Scales witness to gold mining history

01:32, Jan 08 2013
Gold scales
The gold scales donated to the Picton Museum by the Bank of New Zealand. The scales fold into the wooden travel case.

Maike van der Heide looks back at Marlborough's history through the stories of some of the treasures at Picton Museum. Today: Gold rush scales.

These Bank of New Zealand scales, on display at Picton Museum, are a relic from the gold rush days in Marlborough.

Short but intense, the rush saw entire towns spring up suddenly in areas like the Wakamarina and Cullensville.

The first gold in Marlborough was discovered in early April 1864 at Wilson's Beach beside the Wakamarina River by Picton man Hiram W Harris and his brothers-in-law John Wilson and George Rutland.

The province of Marlborough had not long separated from Nelson and the Marlborough Provincial Council was offering bonuses for the discovery of coal and gold. By the end of April, the Wakamarina gold rush was in full swing and Picton's population grew from about 800 to 3000.

Miners poured in, mainly from the Otago goldfields, with small boats carrying miners arriving at Picton wharf daily.


A Registrar of Mines was set up in Picton to register claims.

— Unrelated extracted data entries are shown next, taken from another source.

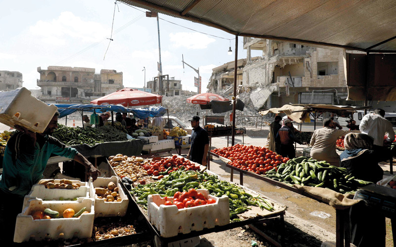 سوريون يشترون الخضر من سوق الرقة. أ.ف.ب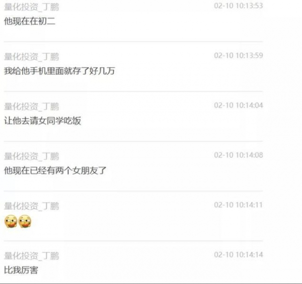 2月10日晚间,知名量化投资人丁鹏竟让儿子“渣一点”的奇葩教育观迅速在网络上传播,引得网友直呼吃到大瓜。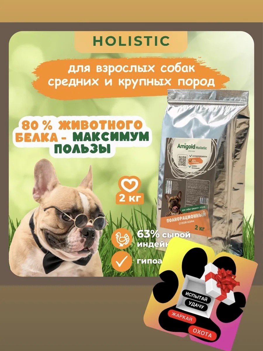 | Полное наименование товара | Сухой полнорационный корм холистик Amigold из индейки для взрослых собак крупных и средних пород 2 кг |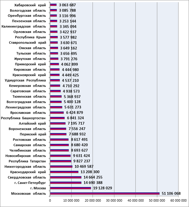 Рис. 12. Субъекты Российской Федерации в которых проходило аттестацию более 20 специалистов. По горизонтальной оси – количество специалистов, проходивших аттестацию.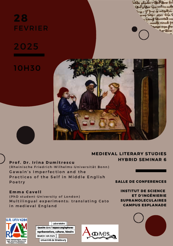 Le 8 novembre 2024, dans le cadre du séminaire Medieval to Renaissance, nous aurons le plaisir d'accueillir : Tatjana Silec (Sorbonne Université) et Denis Lagae-Devoldere (Sorbonne Université) pour une communication intitulée Honni soit qui mal pense. L'horizon aporétique dans Twelfth Night et Si…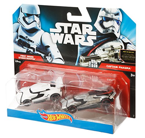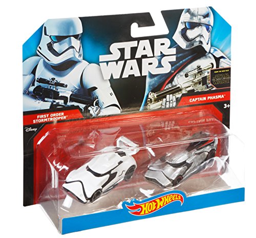 -. Binding : Toy -. Brand : Hot Wheels -. Color : Multi -. EAN : 0798627266717 -. Feature : Collect and play with a galaxy of Hot Wheels Star Wars cars / Pairs of iconic Star Wars characters reimagined as Hot Wheels cars / Authentic and highly collectible / Designed in 1:64-scale with true-to-character features and decos / Makes a great gift for fans of all ages -. IsAdultProduct : 0 -. ItemPartNumber : CLK35 -. Label : Hot Wheels -. Manufacturer : Hot Wheels -. Model : CLK35 -. MPN : CLK35 -. PackageQuantity : 1 -. PartNumber : CLK35 -. ProductGroup : Toy -. ProductTypeName : TOYS_AND_GAMES -. Publisher : Hot Wheels -. Size : Standard -. Studio : Hot Wheels -. Title : Hot Wheels Star Wars: The Force Awakens Character Car 2-Pack, First Order Stormtrooper vs. Captain Phasma -. UPC : 887961137606 -. Warranty : 1 year warranty against manufacturer defects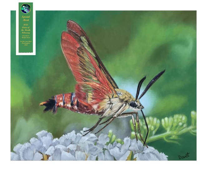 Hummingbird Moth won the Special Merit award in the drawn media category. Hummingbird Month was made with pastels on 10″x8″ dark grey Pastelmat. Reference photo by Don Barrick. This is the second award that this artwork has earned.

In 1888 new goldfields were discovered at Mahakipawa and the township of Cullensville complete with pubs, shops and banks, emerged close to the fields.

While the Wakamarina rush died out after only a year or so, the Mahakipawa was worked until the 1930s.

When the gold frenzy had died down, the Bank of New Zealand donated these fine gold-weighing scales with lead weights to Picton Museum. They are cleverly designed to fold into their own box for transport.

The museum also has a gold reckoning book for calculations and a good way of comparing gold prices from then, a time when so much was being sourced, to about $1000 an ounce now.

Picton Museum, on London Quay, is open daily from 10am to 4pm.